I can’t let him get to his room—who knows what he might have stashed there?
“Now you’re going to tell me the truth. That’s all I want.
Did you kill my mother because she was leaving you and taking me with her?
Don’t make me kill you, Dad. I just want to hear it from your mouth.
I want the truth before I leave this house forever. ”
“Where do you think you’re going to go?”
“The truth!” I bark, loud enough that he flinches.
Sweat trickles down his temples. An innocent man wouldn’t sweat like that.
“All right! All right, I’ll tell you the truth. Yes,” he hisses, teeth bared. “Yes, because she was taking what was mine! My son! My legacy! She thought she could walk out of here with you and get away with it? She honestly thought she could do that to me. She found out, didn’t she?”
I knew it, but that doesn’t mean the truth doesn’t hit like a ton of bricks.
He must take my silence as a good sign. “That’s what we do, Kellen.
That’s what an Archer does. We protect what belongs to us.
You are my son. She was not going to take what was mine.
And I offered to have her back, I did,” he babbles, shaking, red-faced.
“I told her we could forget the whole thing so long as she fell in line and went back to being the wife she was before. She refused. She paid the price.”
Paid the price. I like the sound of that.
And I still do when I squeeze the trigger, firing into his chest.
Somehow, I hear the pounding of footsteps, the shouts of surprise over the ringing in my ears.
Dad’s mouth falls open in shock before he looks down at the wound in his chest, the blood spreading like a flower, soaking into the silk.

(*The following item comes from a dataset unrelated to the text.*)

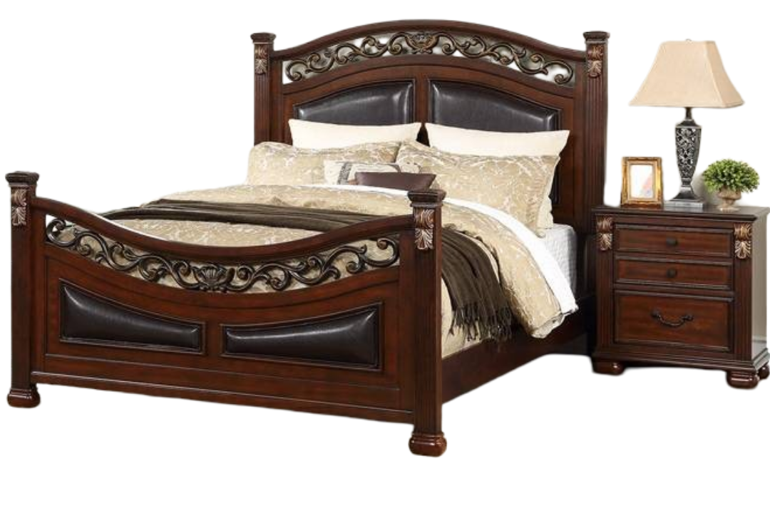 Traditional Style 1pc Queen Size Bed Padded Headboard And Footboard Dark Cherry Finish
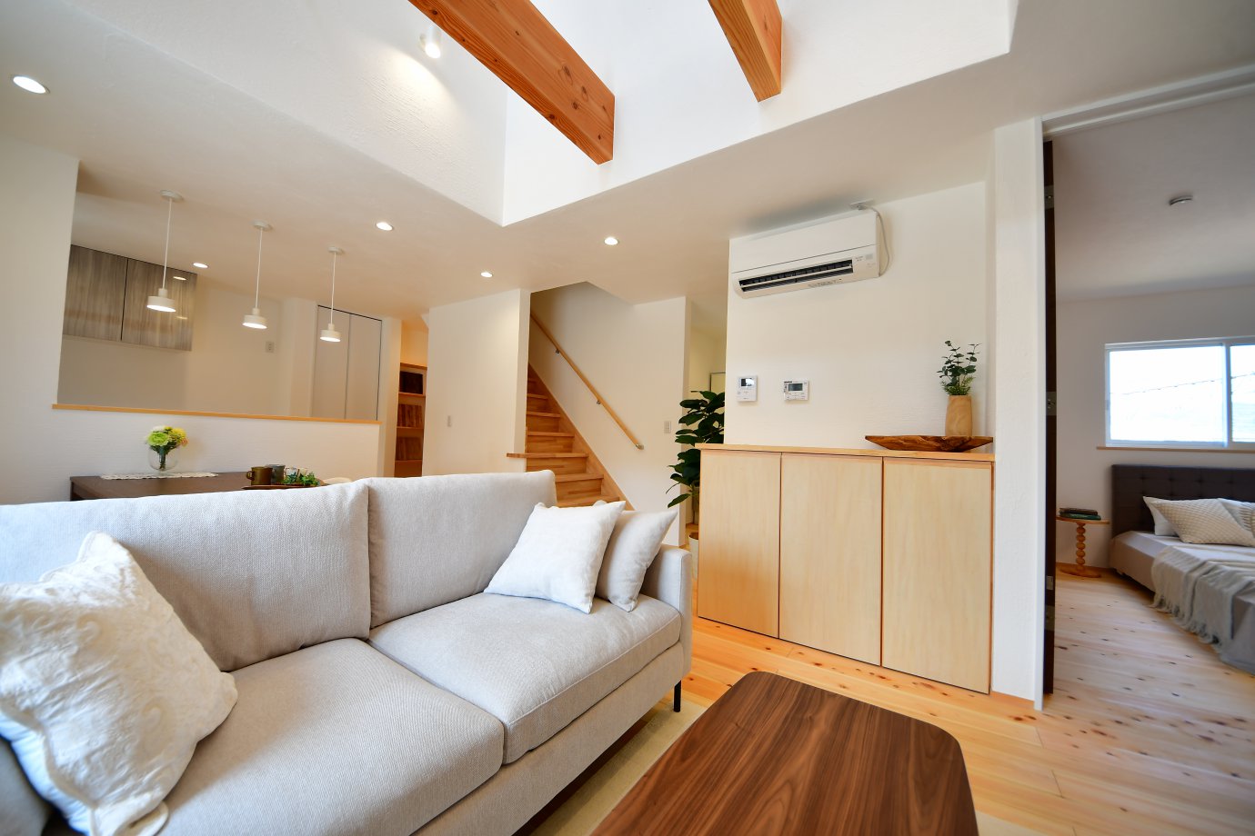視線を上に誘導する勾配天井と木の梁が空間に伸びやかさを与え、自然素材の温かみも演出しています。リビング全体に開放感をもたらし、日中の光がより一層柔らかく広がります。

He drops to his knees by the time the first guards make it up the stairs, then falls to his side with his eyes still open but now blank by the time they join us.
He’s dead. And with him goes everything he built. Instead of the sight of his corpse dragging me down, a weight lifts off my shoulders. Otherwise, I feel nothing for the man lying in his own blood.
“He’s dead,” one of the guys mutters, crouching next to Dad and slowly looking up at me. “You killed him.”
“I wasn’t going for a flesh wound.” Looking around at them, I read almost identical expressions of shock.
Like they didn’t think I had it in me. “And unless every single one of you fuckers wants to end up like him, you will accept the fact that I’m in charge now.
I’m the boss. Do we all understand each other? ”
There are a few quick, confused looks exchanged, but all of them nod and a few back away from me. “Sure. You’re the boss,” one of the guys murmurs, and the rest mutter their agreement.
After looking around at all of them, I notice Kinsley peering out around the door to my bedroom. “You can go now,” I tell her. “You’re free. Go ahead.”
Tears fill her eyes. “Thank you,” she whimpers.
My first act as the new boss is one of mercy. I’m thinking it could be a trend.